§ EXERCISE INSTRUCTIONS
With the pictures removed, reproduce exactly the lines from the one that contains "Подберите красные или" through the last line of the entries below.

§ EXERCISE MATERIAL
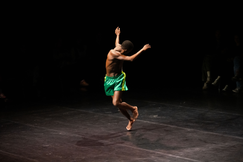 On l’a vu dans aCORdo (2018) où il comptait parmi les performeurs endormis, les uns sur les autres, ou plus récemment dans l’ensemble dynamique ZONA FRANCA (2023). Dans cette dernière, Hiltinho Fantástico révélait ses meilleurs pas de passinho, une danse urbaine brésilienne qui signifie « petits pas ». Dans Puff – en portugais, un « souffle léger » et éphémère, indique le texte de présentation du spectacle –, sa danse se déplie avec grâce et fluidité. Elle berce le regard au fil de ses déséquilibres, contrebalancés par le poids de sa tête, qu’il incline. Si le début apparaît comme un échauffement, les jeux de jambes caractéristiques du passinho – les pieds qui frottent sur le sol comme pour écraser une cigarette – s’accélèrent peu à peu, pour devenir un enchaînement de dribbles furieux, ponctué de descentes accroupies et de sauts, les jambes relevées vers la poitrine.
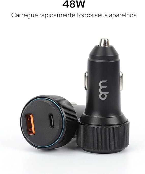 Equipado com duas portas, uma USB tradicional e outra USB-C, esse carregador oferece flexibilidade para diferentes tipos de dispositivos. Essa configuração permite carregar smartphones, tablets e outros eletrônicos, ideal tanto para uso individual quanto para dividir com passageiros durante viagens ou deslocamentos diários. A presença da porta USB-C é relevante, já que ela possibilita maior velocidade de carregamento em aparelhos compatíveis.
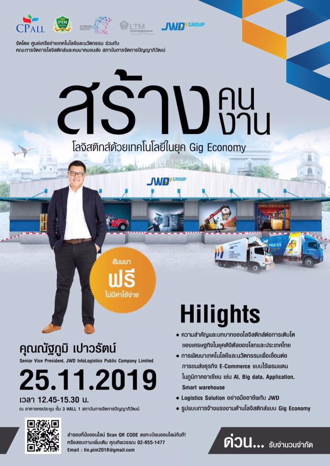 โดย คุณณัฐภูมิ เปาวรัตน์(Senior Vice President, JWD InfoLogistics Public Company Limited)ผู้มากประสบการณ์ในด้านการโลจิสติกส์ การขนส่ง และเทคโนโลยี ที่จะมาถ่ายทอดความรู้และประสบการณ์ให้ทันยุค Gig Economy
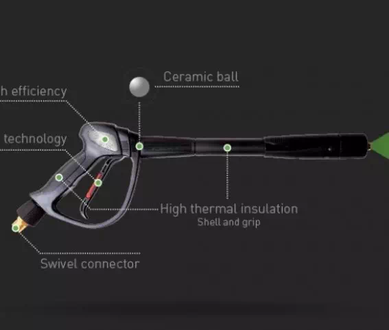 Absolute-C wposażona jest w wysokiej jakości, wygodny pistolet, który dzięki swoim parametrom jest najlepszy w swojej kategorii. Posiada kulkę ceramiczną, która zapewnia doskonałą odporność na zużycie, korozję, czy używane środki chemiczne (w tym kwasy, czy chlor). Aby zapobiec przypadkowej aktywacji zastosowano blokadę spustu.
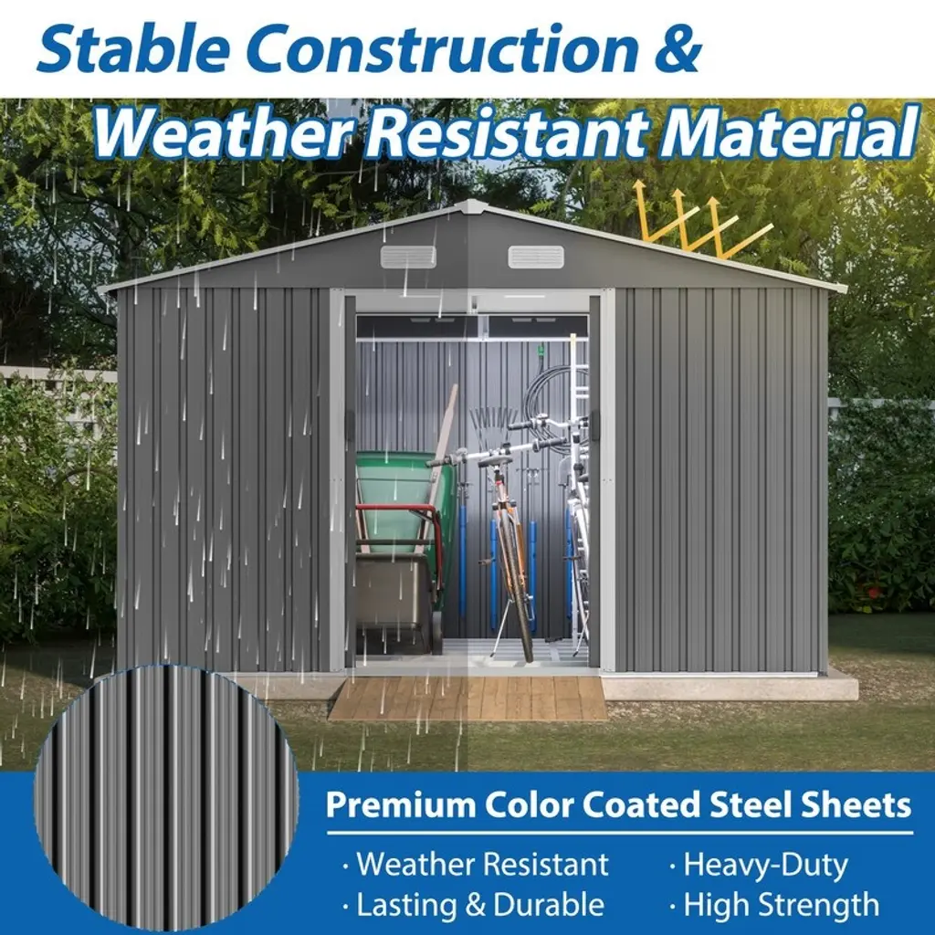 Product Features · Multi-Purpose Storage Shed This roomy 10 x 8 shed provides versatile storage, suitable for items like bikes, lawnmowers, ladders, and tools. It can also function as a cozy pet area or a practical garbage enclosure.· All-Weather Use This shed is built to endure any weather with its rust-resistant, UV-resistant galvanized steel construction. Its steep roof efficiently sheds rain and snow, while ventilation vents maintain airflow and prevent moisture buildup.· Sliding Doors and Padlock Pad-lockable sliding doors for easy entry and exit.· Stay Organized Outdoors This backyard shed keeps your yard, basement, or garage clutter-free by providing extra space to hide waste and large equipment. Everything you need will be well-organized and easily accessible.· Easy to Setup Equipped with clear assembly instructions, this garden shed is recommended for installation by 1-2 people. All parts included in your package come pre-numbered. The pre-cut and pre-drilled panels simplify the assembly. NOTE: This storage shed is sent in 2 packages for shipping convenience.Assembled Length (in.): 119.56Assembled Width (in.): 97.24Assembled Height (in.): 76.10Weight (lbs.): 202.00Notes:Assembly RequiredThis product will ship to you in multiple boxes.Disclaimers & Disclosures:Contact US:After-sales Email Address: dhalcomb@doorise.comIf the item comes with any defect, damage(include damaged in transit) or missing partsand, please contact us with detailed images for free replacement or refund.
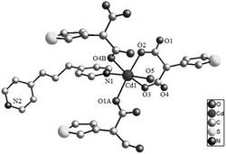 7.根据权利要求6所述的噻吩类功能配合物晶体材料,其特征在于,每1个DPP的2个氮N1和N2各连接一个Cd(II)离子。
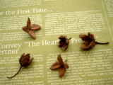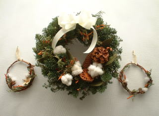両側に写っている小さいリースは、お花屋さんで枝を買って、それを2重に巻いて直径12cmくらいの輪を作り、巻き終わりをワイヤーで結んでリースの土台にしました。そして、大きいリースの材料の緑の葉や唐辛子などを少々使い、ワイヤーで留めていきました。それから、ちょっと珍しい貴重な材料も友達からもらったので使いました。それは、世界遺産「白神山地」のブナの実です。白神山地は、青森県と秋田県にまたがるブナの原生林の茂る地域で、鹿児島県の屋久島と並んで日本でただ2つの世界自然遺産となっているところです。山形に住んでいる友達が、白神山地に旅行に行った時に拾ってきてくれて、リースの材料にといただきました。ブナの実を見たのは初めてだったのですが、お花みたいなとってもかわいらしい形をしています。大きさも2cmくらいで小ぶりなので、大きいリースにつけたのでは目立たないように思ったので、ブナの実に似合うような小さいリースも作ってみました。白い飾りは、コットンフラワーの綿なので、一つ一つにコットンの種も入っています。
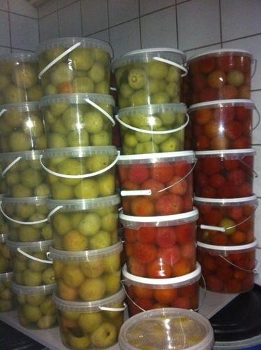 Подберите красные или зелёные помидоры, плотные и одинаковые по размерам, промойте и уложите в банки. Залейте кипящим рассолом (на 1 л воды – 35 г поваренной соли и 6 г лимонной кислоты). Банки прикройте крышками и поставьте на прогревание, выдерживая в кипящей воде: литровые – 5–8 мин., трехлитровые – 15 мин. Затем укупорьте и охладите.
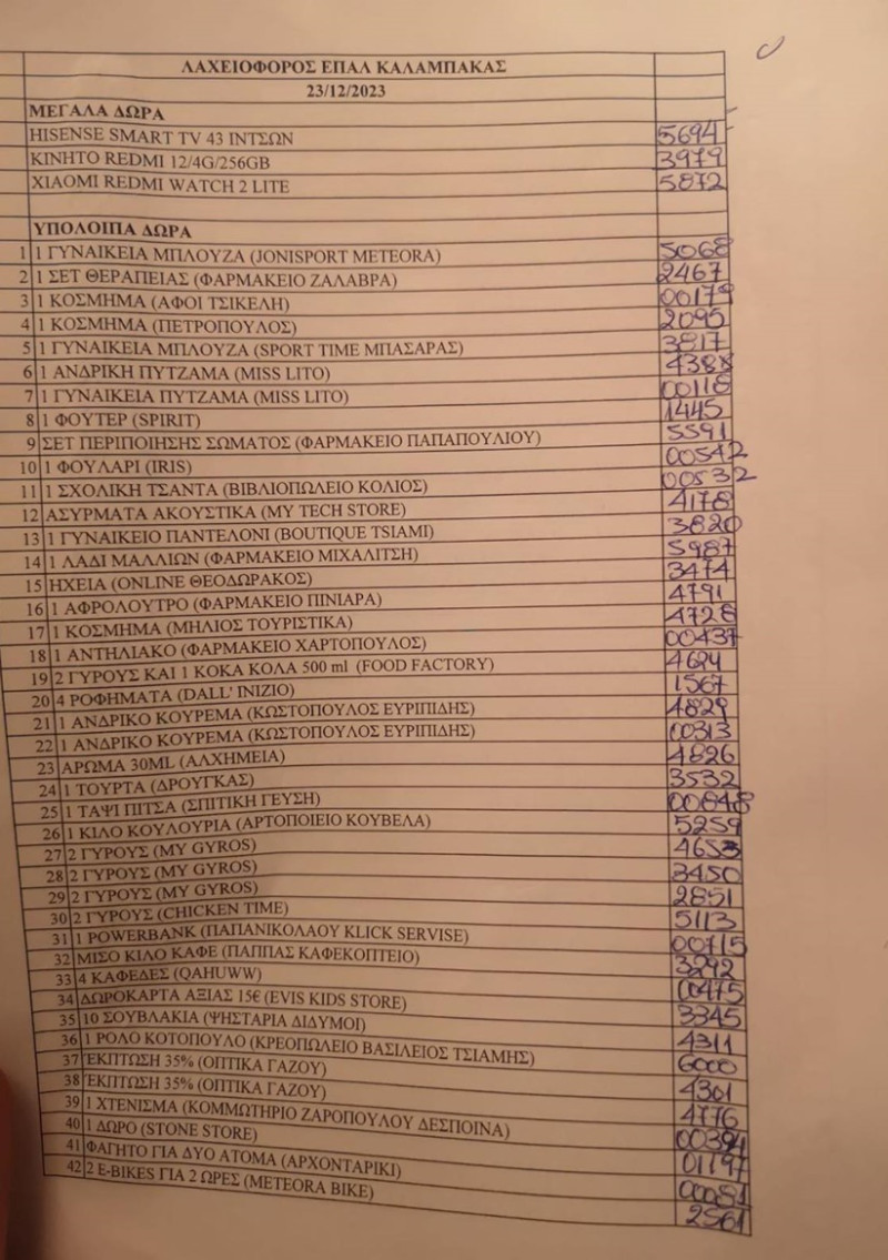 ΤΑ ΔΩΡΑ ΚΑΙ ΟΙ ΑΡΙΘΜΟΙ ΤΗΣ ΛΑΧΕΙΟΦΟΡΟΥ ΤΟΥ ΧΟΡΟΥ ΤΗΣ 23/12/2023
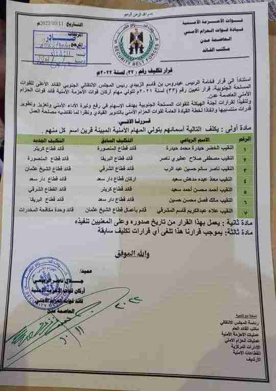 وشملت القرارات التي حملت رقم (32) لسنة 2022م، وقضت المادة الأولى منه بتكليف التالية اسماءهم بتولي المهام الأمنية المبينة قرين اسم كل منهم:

§ REPLY TO THE TASK
 Подберите красные или зелёные помидоры, плотные и одинаковые по размерам, промойте и уложите в банки. Залейте кипящим рассолом (на 1 л воды – 35 г поваренной соли и 6 г лимонной кислоты). Банки прикройте крышками и поставьте на прогревание, выдерживая в кипящей воде: литровые – 5–8 мин., трехлитровые – 15 мин. Затем укупорьте и охладите.
 ΤΑ ΔΩΡΑ ΚΑΙ ΟΙ ΑΡΙΘΜΟΙ ΤΗΣ ΛΑΧΕΙΟΦΟΡΟΥ ΤΟΥ ΧΟΡΟΥ ΤΗΣ 23/12/2023
 وشملت القرارات التي حملت رقم (32) لسنة 2022م، وقضت المادة الأولى منه بتكليف التالية اسماءهم بتولي المهام الأمنية المبينة قرين اسم كل منهم:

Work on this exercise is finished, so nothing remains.